Again, fantastic stuff, so what’s the issue? Well, one of the exemption criteria for buildings and works associated with community care accommodation is:
The development is funded by, or carried out by or on behalf of, a government department or public authority, including a public authority established for a public purpose under a Commonwealth Act.
In a declaration proceeding before VCAT, Senior Member Martin determined in the matter of St John of God Health Care v Melton CC [2021] VCAT 1263 (11 November 2020)2 that:
32. Following this approach, and with particular reference to the text in the first bullet point of the ‘building and works’ exemption, the gist of the applicant’s case here is that the development of the two proposed buildings would be ‘relevantly funded’ by the National Disability Insurance Agency (NDIA) and any other relevant public funding sources, such that the exemption applies. I refer here to the various submissions made about the ‘funding of the development’, as set out in the Appendix to this decision.
33. The essence of same is that there is in practice no other way for the applicant to source the funds to construct the two proposed buildings, other than for the applicant to initially essentially meet the cost of same, then gradually pay off that debt through the cash flow from the NDIS or other relevant public funding sources. In particular, at paragraph 41 of the applicant’s primary submissions, it is stated (with my highlighting) that:
The proposed use and development is funded by and would not occur but for the funding from the NDIS and other Commonwealth funding sources. Although SJGHC is a ‘middle person’ in terms of facilitating the development of the housing which Marillac provided, there is clear and uncontroversial nexus to the funding through the NDIA and NDIS program and Commonwealth funding sources.

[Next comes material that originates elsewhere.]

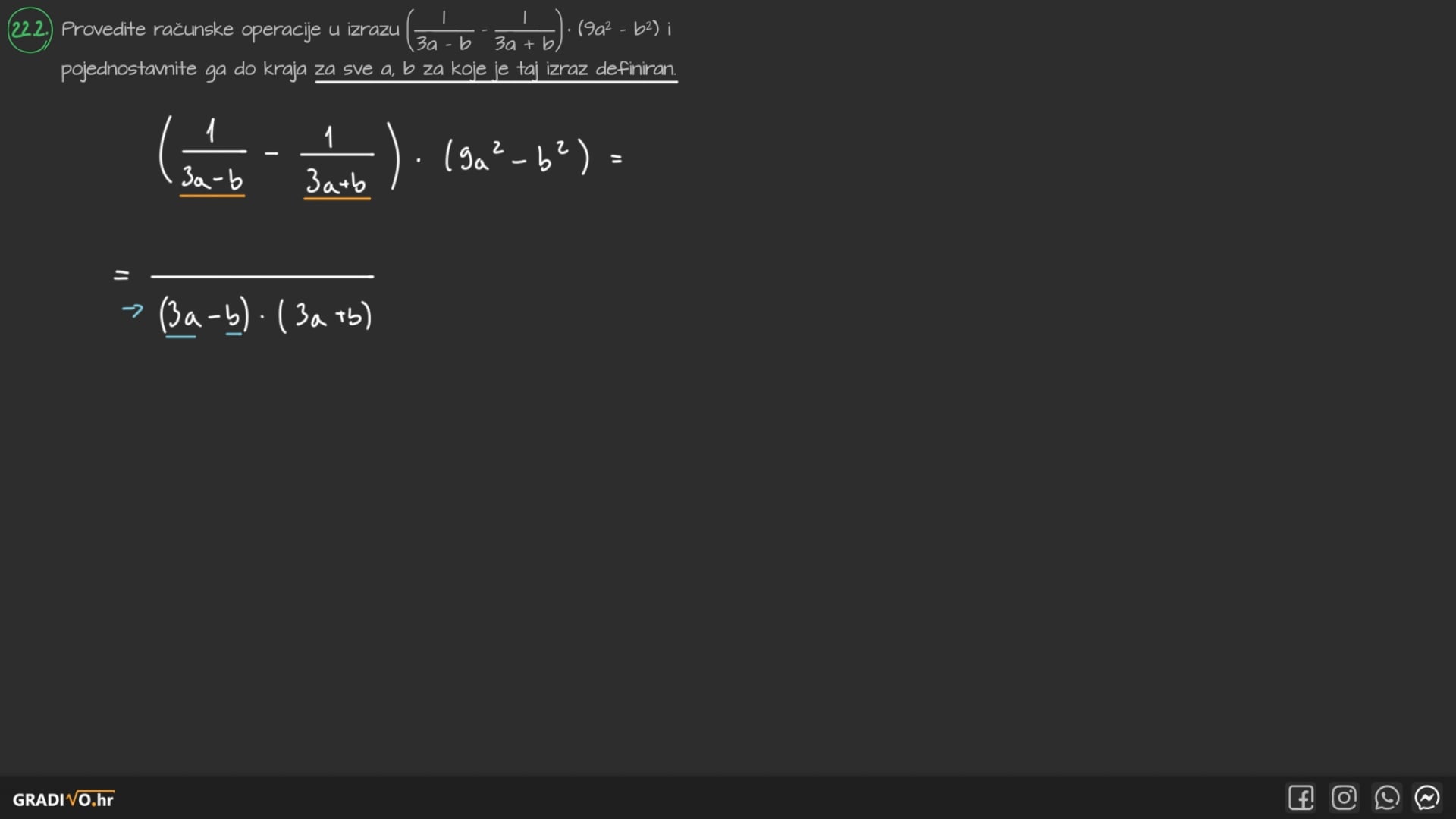Provedite računske operacije u izrazu $\left(\frac{1}{3 a-b}-\frac{1}{3 a+b}\right) \cdot\left(9 a^{2}-b^{2}\right)$ i pojednostavnite ga do kraja za sve $a, b$ za koje je taj izraz definiran.

Essentially, because the NDIS funding comes after the development is finalised, Senior Member Martin found that the development component of the concept does not meet the exemption criteria of Clause 52.22 and requires a planning permit. I do not know whether the decision will be appealed to the Supreme Court, so I will leave it to the lawyers to debate whether the decision was correct.
Whether the decision was right or wrong, I’m suggesting the system needs refining to avoid future debate in relation to the provision of this form of housing in the future.
In relation to the application referred to in the declaration proceeding, the application for planning permit was lodged with Council on 5 January 2020; come the start of February 2021, a decision was still pending from the Tribunal on the merits of the application. Despite being exempt from notice due to the express purpose of Clause 52.22 to ‘support the confidentiality of community care accommodation’, Council ‘informally’ notified surrounding property owners and occupiers of the application. More than 100 objections were received, which no doubt informed the Councillors’ decision to refuse the application, contrary to the Council Planner recommendation to support the proposal. The matter proceeded to a declaration proceeding referred to above and a subsequent merits hearing, with a decision being issued in mid-February 2021.
So not only has over a year been lost before a decision has been made, there is also the obvious delay in commencing the development. Not to mention the cost to a not-for-profit organisation through holding costs, legal fees, planning fees, expert fees and hearing fees. This is the principal issue. Time and money that would be better spent on providing housing for those in need is wasted, which goes directly against the purpose of VC152.
A small change to Clause 52.22 to recognise that funding for community care accommodation may come in different forms and stages of the development would remove this red tape, reduce costs for not-for-profits, and enable them to do what is most important – provide housing for those most vulnerable.
1 Homes for Victorians (2017)
2 I must declare that I was engaged as an independent expert town planner by St John of God for the merits hearing of the aforementioned matter, but had no involvement in the application to Council or the declaration proceeding.